Vets, active-duty troops back border security mission, oppose current Afghan, Iraq strategies: Poll

January 2, 2019

A majority of current and former U.S. service members support the Trump administration’s decision to deploy American troops to the U.S.-Mexico border, while opposing Washington’s ongoing military involvement in Iraq and Afghanistan, according to a new poll.

Roughly 1,000 active duty troops and military veterans were interviewed as part of a joint poll conducted by the Smithsonian and Stars and Stripes newspaper, on their opinions regarding several of the Trump White House’s most controversial defense and national security policy decisions.

In the poll, a majority of the respondents said the decision to send thousands of active duty American troops to the U.S. southern border was the right decision, said a Smithsonian statement accompanying Wednesday’s release of the new poll.

But that support did not translate to any overarching support for the White House’s seemingly draconian immigration policies, it says.

“On the home front, 65 percent of respondents backed the move by President Trump to deploy armed forces at the U.S. border with Mexico,” the poll’s findings state. “At the same time, the great majority appeared to take a dim view of the administration’s proposal to deport noncitizen service members or their families,” it added.

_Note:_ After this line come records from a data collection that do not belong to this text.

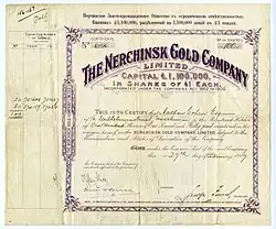 Нерчинское золотопромышленное общество с ограниченной ответственностью, учрежденное в 1901 г. в Лондоне с капиталом в 1,1 млн. фунтов стерлингов[1], оборудовавшее свою фабрику на Ключевском руднике в Забайкальской области, одним из первых в Российской империи применило методы дражной добычи золотой руды. Во многом благодаря этой инновации предприятие добилось наилучших результатов в регионе, что в итоге привело к размещению акций компании в котировальном листе Лондонской биржи[2].
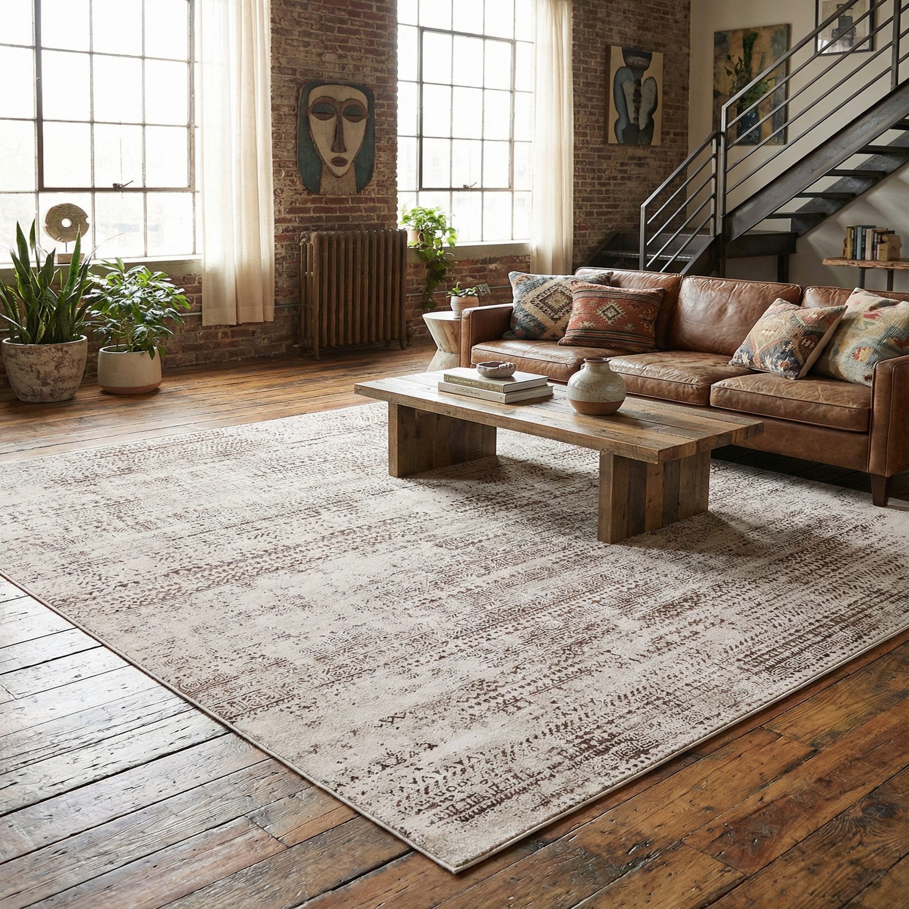 Primary color is Chocolate Brown. Colors in this rug include: Chocolate Brown, Beige.
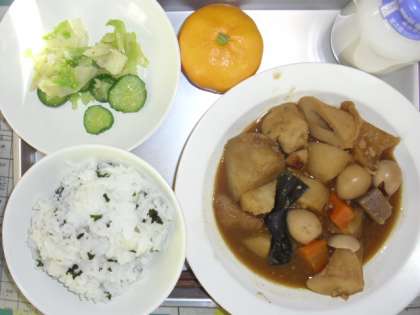 わかめご飯 牛乳 肉味噌おでん 野菜のすりごま和え みかん
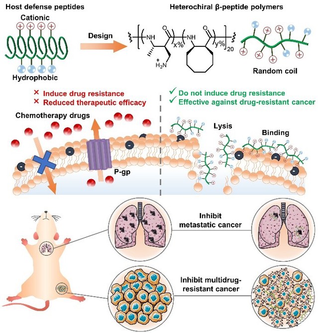 宿主防御肽具有广谱的抗菌功能,通过作用于细胞膜产生广谱抗菌活性,并且不易导致细菌耐药性。一小部分宿主防御肽也被发现具有一定的抗肿瘤功能。然而,由于天然宿主防御肽容易被酶解、合成困难、价格昂贵且难以大规模合成,其实际应用有限。本研究通过模拟宿主防御肽,合成了具有两亲性结构的β多肽聚合物,发现优选化合物对多种耐药肿瘤具有高效的体外和体内活性,在小鼠皮下耐药黑色素瘤,耐药乳腺肿瘤和黑色素瘤肺转移动物模型中均展示出接近甚至优于临床抗肿瘤药物的体内活性和良好的生物相容性。β多肽聚合物可抵制酶解,可通过“一锅法”大量合成。这一研究表明,模拟宿主防御肽的β多肽聚合物是设计和发现潜在抗耐药肿瘤分子的有效策略。
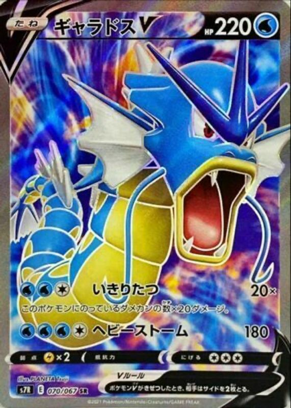 The Gyarados V 2021 Japanese Sword & Shield: Blue Sky Stream #070/067 Super Rare card in Raw TCG (Near Mint) condition has not changed in price in the last 30 days and was last sold for $7.89 .

The largest U.S. troop contingent along the southern border has been deployed to Texas, with nearly 2,800 American soldiers on station there. Another 1,500 are deployed along the U.S.-Mexico border in Arizona with another 1,300 along the border in California, according to troop counts provided by U.S. Northern Command.

Mr. Trump extended the troop deployment, which had been slated to end in December, to the end of January in order to defend American territory from a migrant caravan of thousands of Mexican, Central and South American migrants seeking refuge in the United States.

On Iraq and Afghanistan, nearly 80 percent of respondents agreed that it was time to end American involvement in both countries.

“Seventeen years after the U.S.-led military invasions of Afghanistan and Iraq, more than 80 percent. . . of service members and veterans surveyed agreed with the statement that the occupations have ‘been going on too long,’” the poll’s findings suggest.

The responses come less than two weeks after the Trump White House has ordered the withdrawal of 7,000 U.S. troops from Afghanistan, slashing the total number of American forces in the country by half. That decision came a day after the administration announced the complete pullout of all American forces from Syria.

But a recent Pentagon assessment of the 17-year conflict claims recent gains by U.S. and Afghan forces under the Trump administration’s new South Asia strategy could be put in jeopardy if Washington presses ahead with plans to slash the number of American troops in the country.

Defense Department analysts suggested any letup in pressure from Afghan forces, and their American and NATO counterparts, against the Taliban could derail fragile efforts to get peace talks with the insurgent group off the ground.

“The reinforcement and realignment of U.S. and coalition forces and authorities under the South Asia Strategy have significantly increased pressure on the Taliban,” defense officials wrote in the report submitted to Congress late last month.